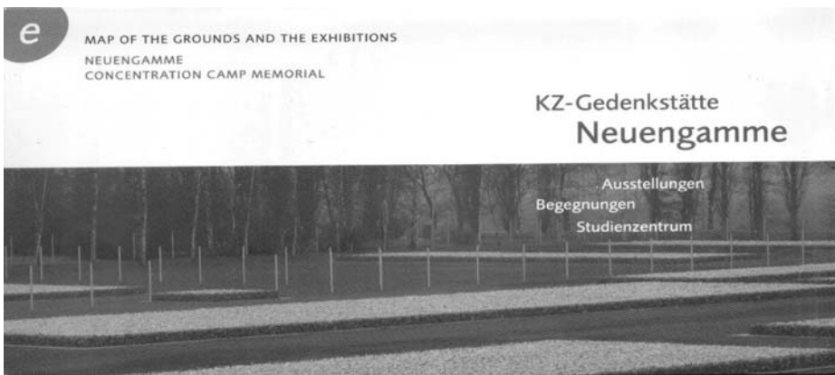
Слика 3. Проспект Меморијалног центра Нојенгаме
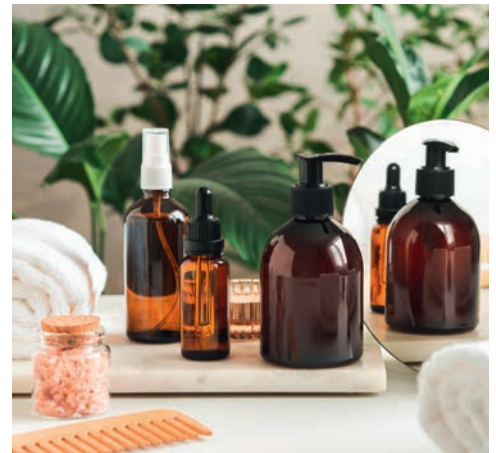
Gestalten Sie die Ausstattung Ihres Kosmetikinstituts nachhaltig mit natürlichen Materialien und wiederauffüllbaren Gefäßen.

Die Integration von Nachhaltigkeit in Ihr Kosmetikinstitut bringt nicht nur ökologische, sondern auch wirtschaftliche Vorteile mit sich. Kunden legen heute großen Wert auf ethische Werte und belohnen Unternehmen, die diese teilen. Indem Sie sich klar positionieren, können Sie auch neue Zielgruppen erschließen. Gerade die jüngeren Generationen (Millennials und Gen Z) achten bei ihren Kaufentscheidungen auf Nachhaltigkeit. Ein umweltbewusstes Institut wird außerdem als modern und verantwort-
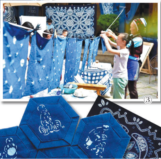
图① 游客在小白家的小院里体验扎染乐趣。
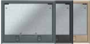
Tamaño nominal 6 con cierre deslizante poliamida. 274x221 mm. 9 Mecanismos Modul 45.
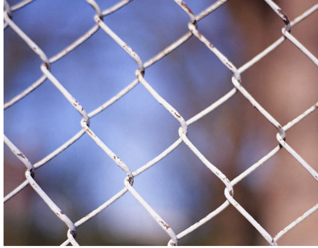
Resim 2.3: Tel ham maddesi kullanılmış bir tel örgü uygulaması
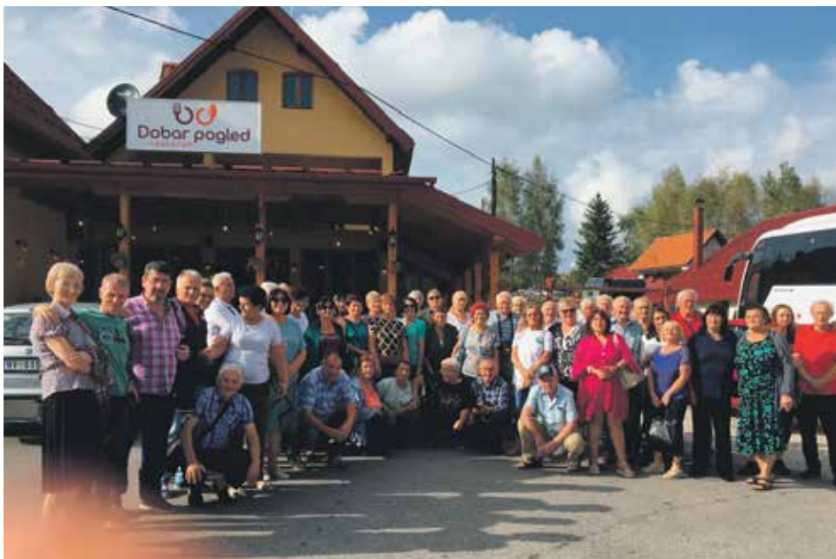
Пензионери Лознице су пасионирани путници

Иначе, Златарско језеро је вештачко језеро у долини Увца. Налази се између планине Златар и Муртенице, удаљено петнаестак километара од Нове Вароши. У историји језера постоји прича да су географи пре 1960. године добили задатак да учртају језеро знајући да ће оно потопити читаво једно село: куће, штале, воћњаке, лива-
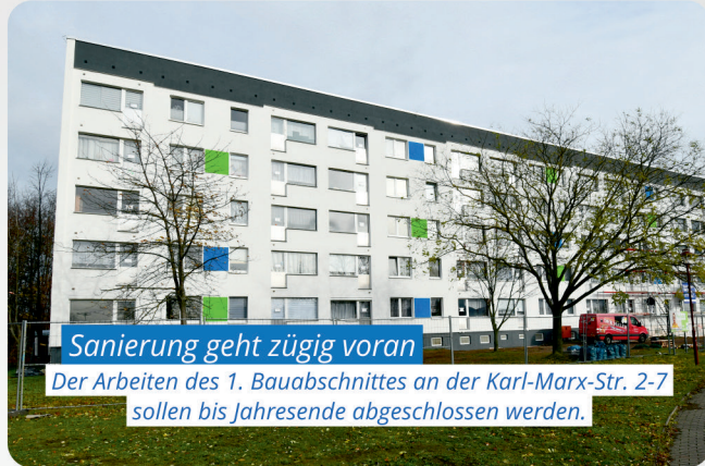
Sanierung geht zügig voran Der Arbeiten des 1. Bauabschnittes an der Karl-Marx-Str. 2-7 sollen bis Jahresende abgeschlossen werden.
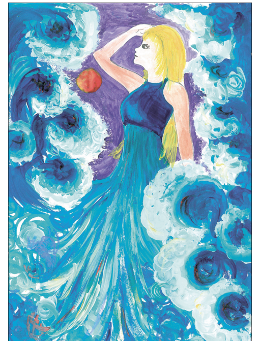
Автор – Оборотова Алина. Работа «Вода – красота всей природы»
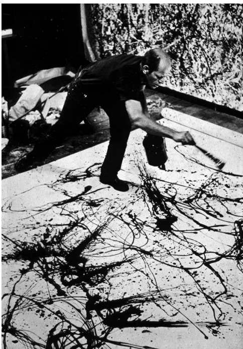
Lámina nº 3. El pintor Jackson Pollock realizando una de sus obras.
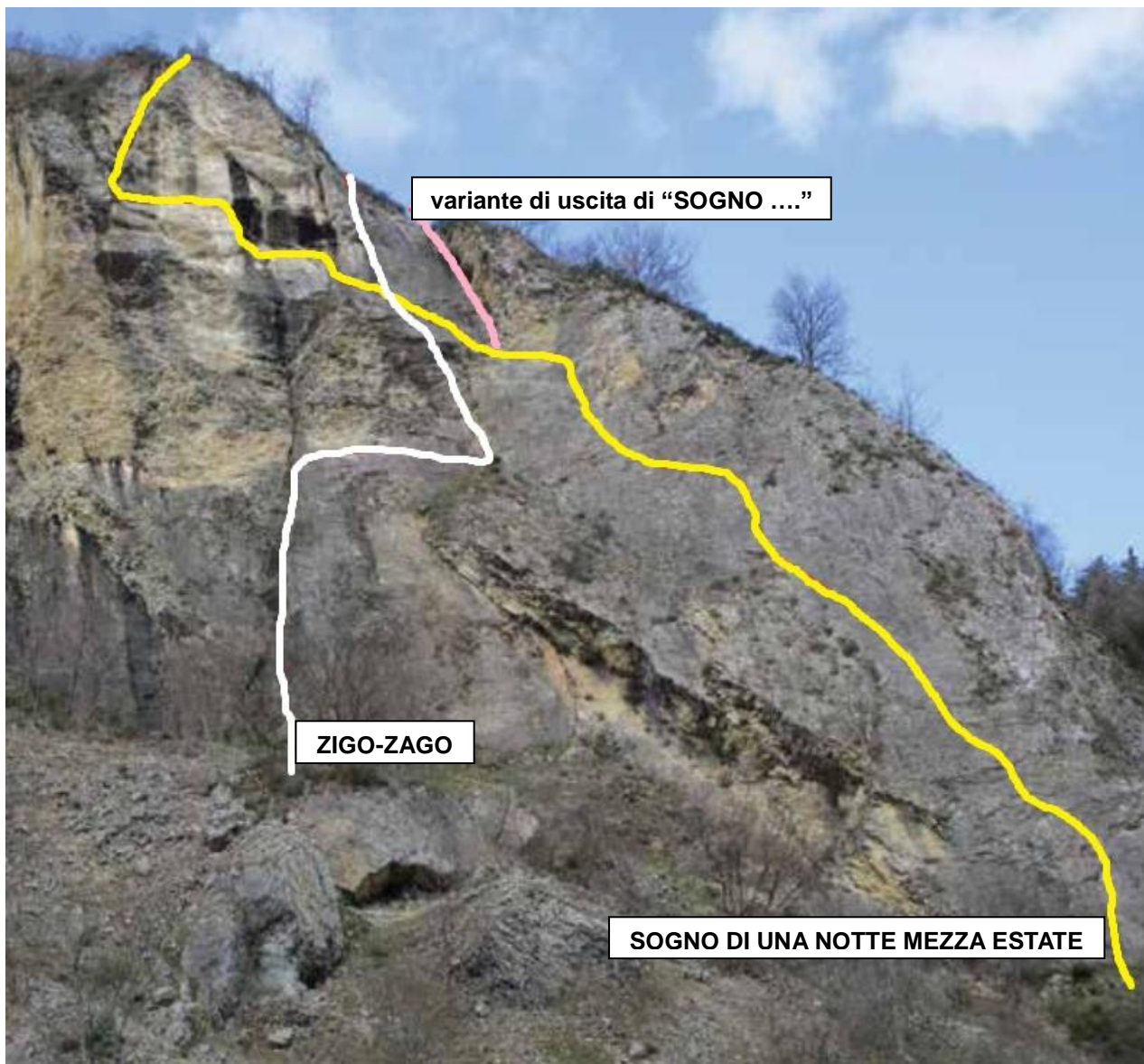
Nella foto i tracciati delle vie della parete

N.B.: è anche possibile evitare il tiro finale (che comunque è il più bello) salendo direttamente un diedro che in breve conduce in cima (si veda a riguardo il disegno).
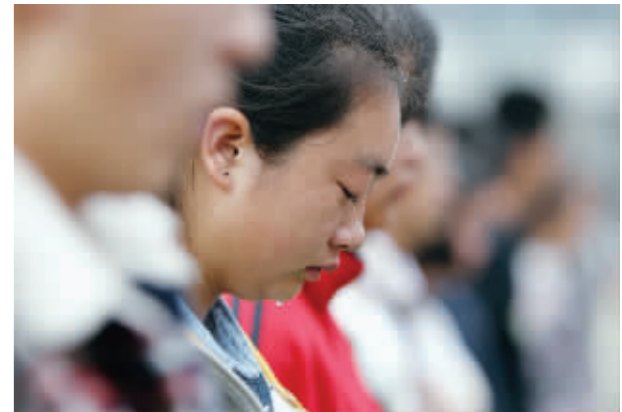
哀悼日,向死难同胞默哀

祝福每一个灾区人民。 你们从未被忽视, 我们向来坚强, 中国今非昔比。 因为我, 雅安繁华散尽, 因为灾难,
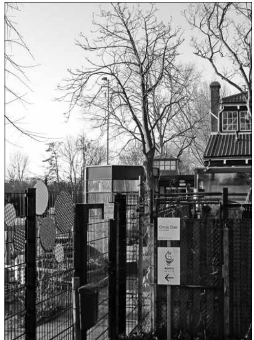
De toegang tot kinderopvang Onno Dak en Koffie en Kind naast het tennispaviljoen
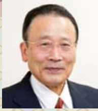
社会福祉法人 ともいき福祉会 理事長
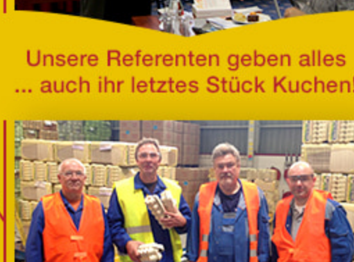
Unsere Referenten geben alles ... auch ihr letztes Stück Kuchen!
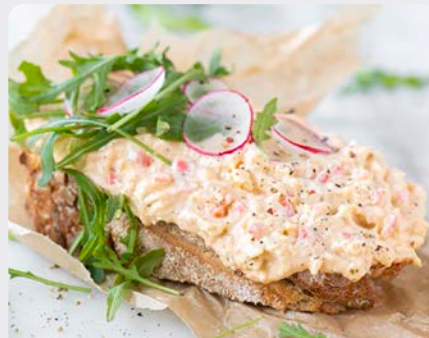
KRABSALADE SALADE DE CRABE

Delitas U: 179.00.350 F: 1503022 1.25 kg
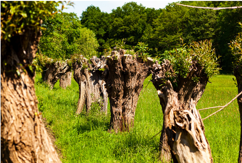
Beschnittene Kopfweiden am Landschaftshof Baerlo im Nettetal am Niederrhein (2018).
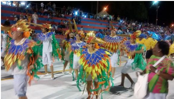
Figura 5. Desfile da Coroa imperial 2014, ala dos pássaros, feita a partir do reaproveitamento de fantasias de carnavais anteriores
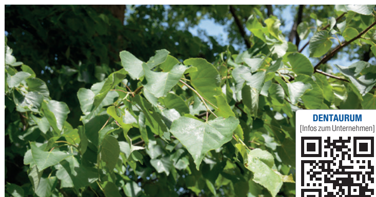
Nur einer der Bäume, die den Baumlehrpfad säumen: die Pappel.

Weitere Infos über das Umweltmanagement der Dentaurum-Gruppe erhalten Sie unter https://www.dentaurum.de/de/umwelt-18984.aspx in der aktuellen Umwelterklärung des Unternehmens oder unter angegebenem Kontakt.
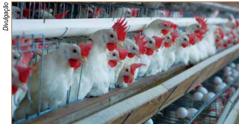
A avicultura é uma atividade comercial importante no contexto econômico do agronegócio brasileiro

Avicultura é tema de treinamento promovido pelo Senar/ES e parceiros
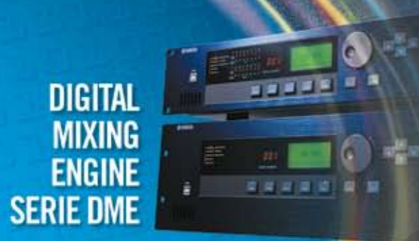
DIGITAL MIXING ENGINE SERIE DME
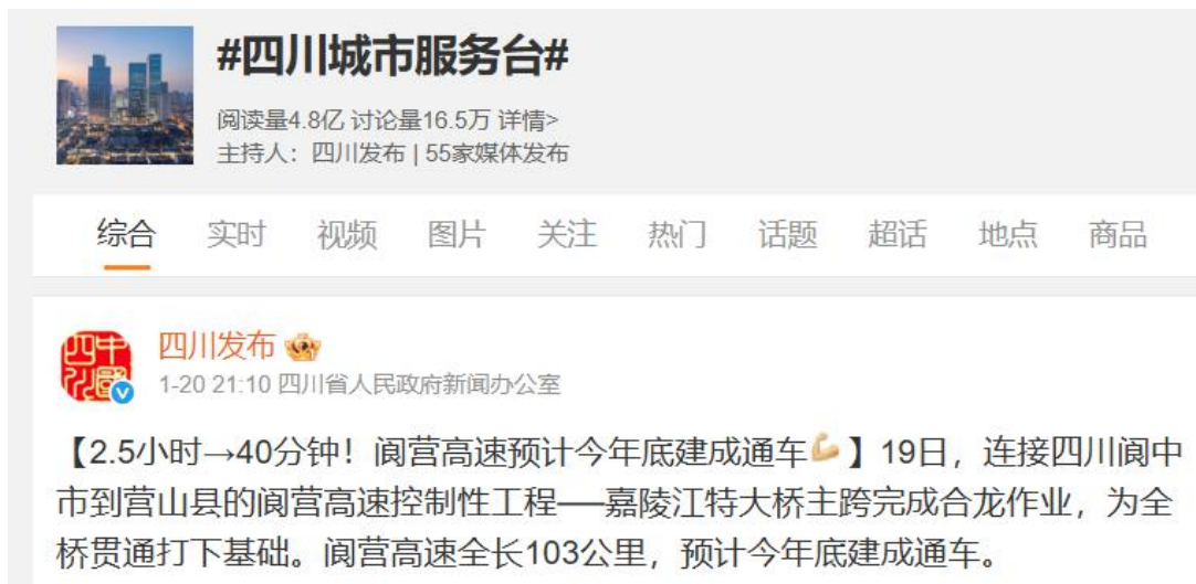
《微博城市服务台》报道截图

1.民生报道切实为民服务。 建立#四川城市服务台#。四川发布发挥四川政务微博矩阵完整、应对突发事件经验丰富的优势，成为“微博城市服务台”共建计划中全国首批启动“城市服务台”的政务新媒体之一。#四川城市服务台#发布政务服务、权威发布、政策解读、民生实事、天气预警、出行提示、科普知识等信息，帮助网友了解四川。目前四川发布创建的微博话题#四川城市服务台#阅读量超4.8亿。
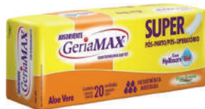
Absorvente P6s-parto Gerimax c/20 Unidades
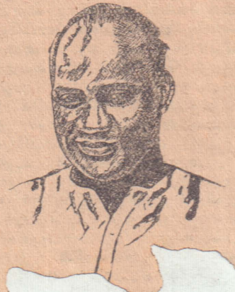
சுதந்திரன் தலைமுறை நடமாடும் அந்த உரிமைப் போராட்டப்பொறுப்பு மாரி கிறது.

பொருளாதார சித்தாந்தத்தில் தெளிவான சிந்தனையில்லாத தலைவர்களிடம் தமிழ் பேசும் மக்களின் உரிமைப்போராட்டம் ஒப்படைக்கப்பட்டிருந்த காலம் ஒன்றிருந்தது உண்மையே. ஆனால் இப்பொழுது அந்நிலை முற்றிலும் மாறி
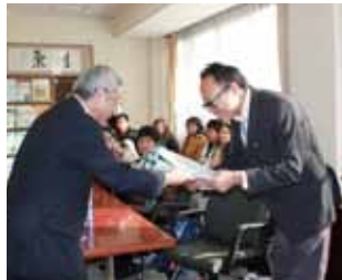
表敬訪問(チェンマイ大学)
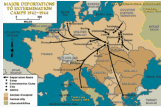
Οι μεγαλύτερες απελάσεις κρατουμένων προς στρατόπεδα εξόντωσης στην Ευρώπη
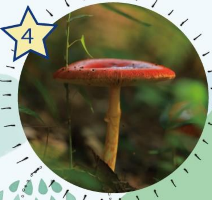
タマゴタケ などキノコ 初夏～秋

- Work instruction -
Determine how many lines in the records contain "微博城市服务台", and reply with the number only.

- Response box -
2